Rainbow Parade is a march celebrating the LGBT identity, renewing the commitment of the CAEC LGBT causes, commemorating milestones in the country for these people and the involvement and the importance of acting to their rights. Its purpose is to explain to a maximum of LGBT people are like everyone else. The walk will take place in mid-day in the streets of Rose-Hill and will be followed by the Pride Night from 22 pm to 30 club La Diva (ex Shout/AG22) Flic-en-Flac.
At the last press conference of the CAEC, its president, Jean Daniel Wong, announced the ongoing discrimination that prevails in Mauritius against LGBT. For the latter, the LGBT community should get the same rights as anyone. Since Wednesday, a charter has been launched and is available online. “This charter is a non-binding Memorandum of Understanding between the LGBT community and the Mauritian society which aims to engage social and political activists, as well as the general public to work towards the promotion and protection of the rights of the LGBT community in Mauritius and elsewhere. ” This charter will be sent to lawmakers involved to change things.

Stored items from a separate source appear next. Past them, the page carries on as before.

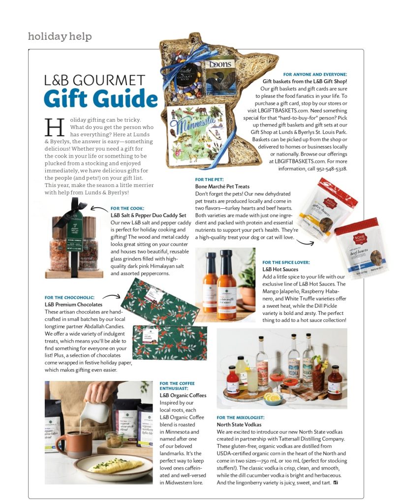 Holiday gifting can be tricky. What do you get the person who has everything? Here at Lunds & Byerlys, the answer is easy – something delicious! Whether you need a gift for the cook in your life or something to be plucked from a stocking and enjoyed immediately, we have delicious gifts for the people (and pets!) on your gift list. This year, make the season a little merrier with help from Lunds & Byerlys!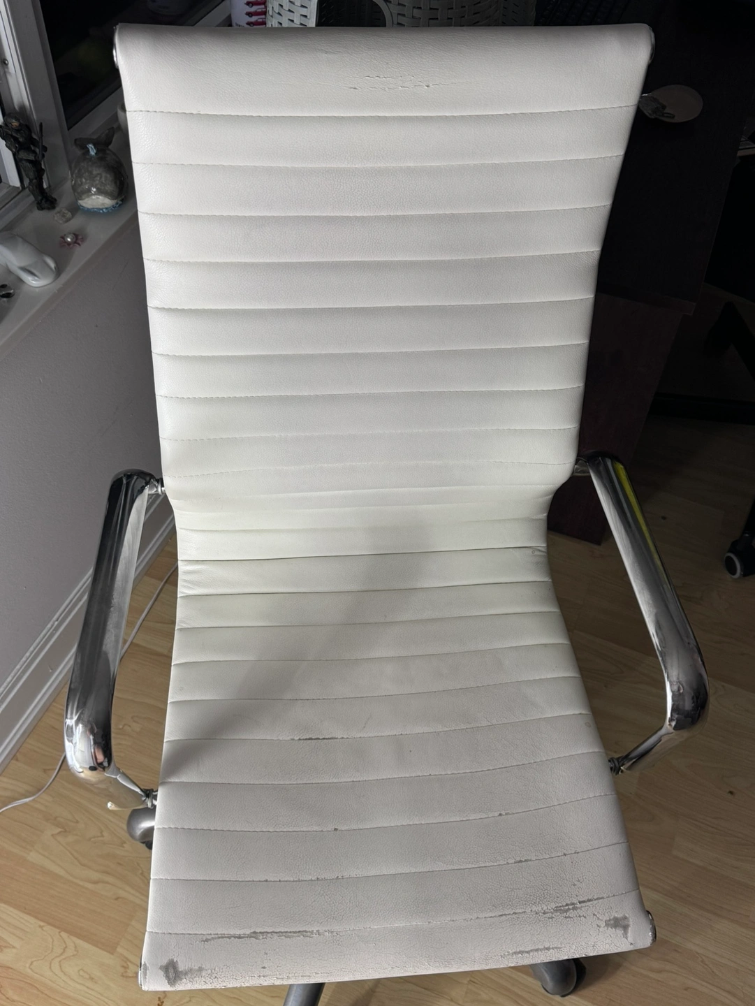 Comfortable office chair with chrome arms and base. The chair has wheels and adjustable height. It is in good condition but has some wear and tear on the fabric. Please see pictures for details.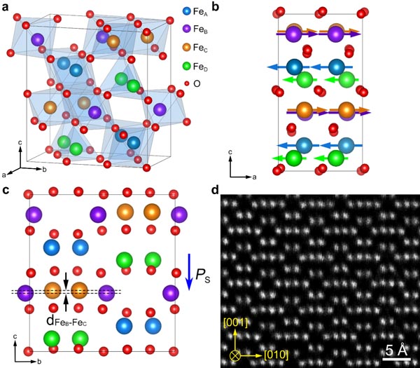 图1.(a) -Fe2O3的原子结构,(b) -Fe2O3的磁结构,(c) -Fe2O3的铁电极化,(d) -Fe2O3相沿[1 00]方向的HAADF像。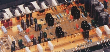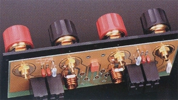プリントボードの銅箔面や入力端子、スピーカー端子、音楽信号の透過する主要な部分には金プレート化が施されています。
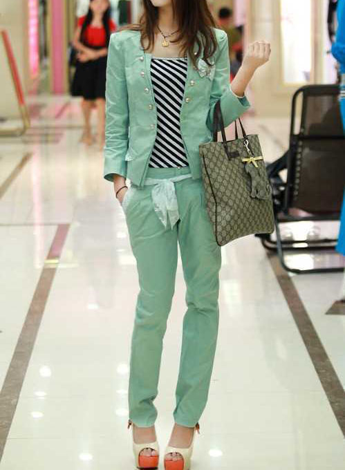 纯色系休闲套装搭配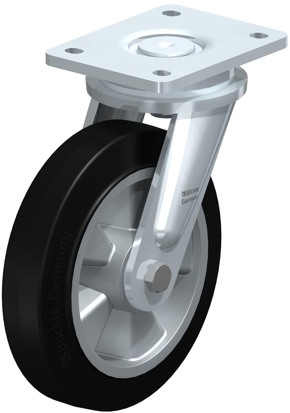 Heavy duty wheel with elastic solid rubber tyres ?Blickle EasyRoll?, with aluminium wheel centre

Jean Daniel Wong appealed to the authorities concerned for the establishment of a special protection unit for LGBT people. He also put the emphasis on the difference between sodomy and bestiality, which he insists, are not the same thing. “Sodomy is simply a way to have sex, we are in 2013 and it is inconceivable to see the act penalized. It affects us a lot. However, I am aware that changing the mindset of people is a job that takes time but at the CAEC we are patient and confident, it’s time to get things moving.’